Release Notes#

pm4py 2.5.0 - Release Notes#

The major changes in pm4py 2.5.0 are as follows: 1. We added the cadoso and extended cardoso simplicity metrics to pm4py

  1. We added discovery of Stochastic Arc Weight nets based on OCEL logs.

  2. We added Murata-based Petri net simplification to the simplified interface (implicit place removal)

pm4py 2.4.0 - Release Notes#

Today, we released pm4py 2.4.0. We have adopted our release policy slightly, i.e., as of now, the pm4py versioning follows the MAJOR.MINOR.FIX pattern. We will also report all MAJOR and MINOR releases in the release notes.

As today’s release is a minor rele, we report on the main changes here. 1. We added the Murata algorithm (Berthelot implementation) to remove the structurally redundant places, which is now available in the simplified interface.

  1. We added the reduction of invisible transitions in Petri nets to the simplified interface.
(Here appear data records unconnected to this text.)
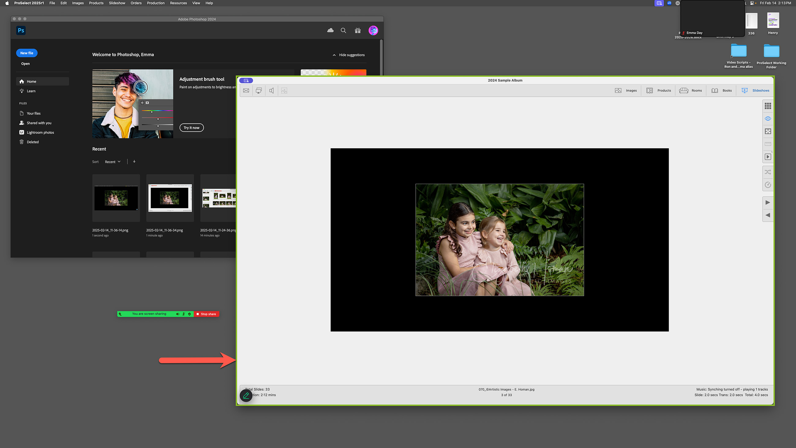 5. Your entire computer screen, including ProSelect and any slideshows, will be visible to your client.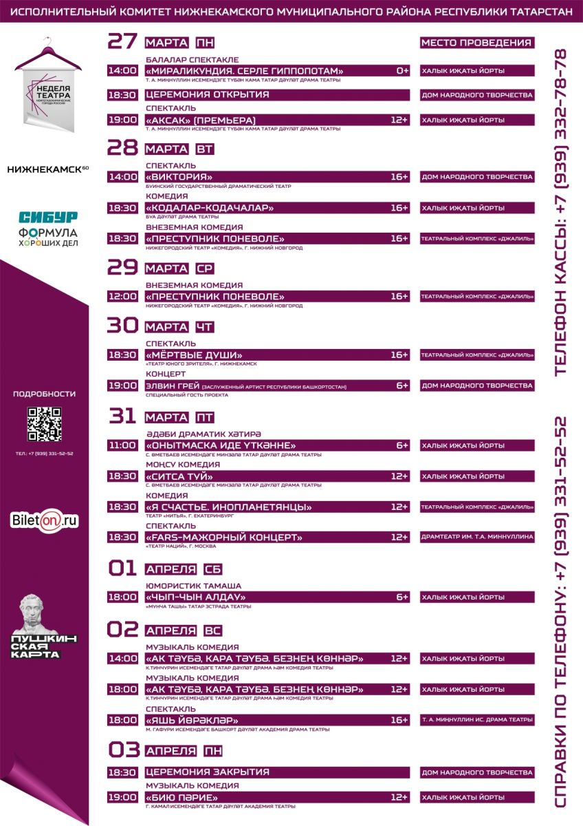 С целью популяризации театрального искусства, приобщения населения к лучшим традициям различных театральных направлений, с 27 марта по 3 апреля 2023 года на трёх площадках г. Нижнекамск: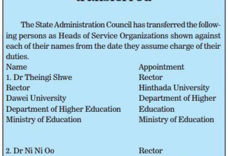 Heads of Service Organizations transferred #The Global New light of Myanmar
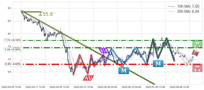 ♘ 阻力价格位7.74,可信任强度68.37%,距离最后交易2022-08-12 14:00形成的收盘价格7.09相差 +9.19%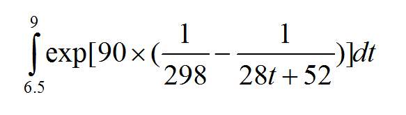 Integrate(exp(90*(1/298-1/(28*t+52))),t=6.5,9);

  2. We added support for calcuating stochastic languages of process models

  3. We adde support for calculating EMD between two stochastic languages

  4. we added a visualization of alignments in simplified interface

  5. We added visualization of footprint table in simplified interface

  6. We added a conversion of Petri net objects to networkX DiGraphs

  7. We added support for stochastic Petri nets

  8. We added support for stochastic arc-weight nets (the paper describing this class of nets is submitted to the Petri nets 2023 conference)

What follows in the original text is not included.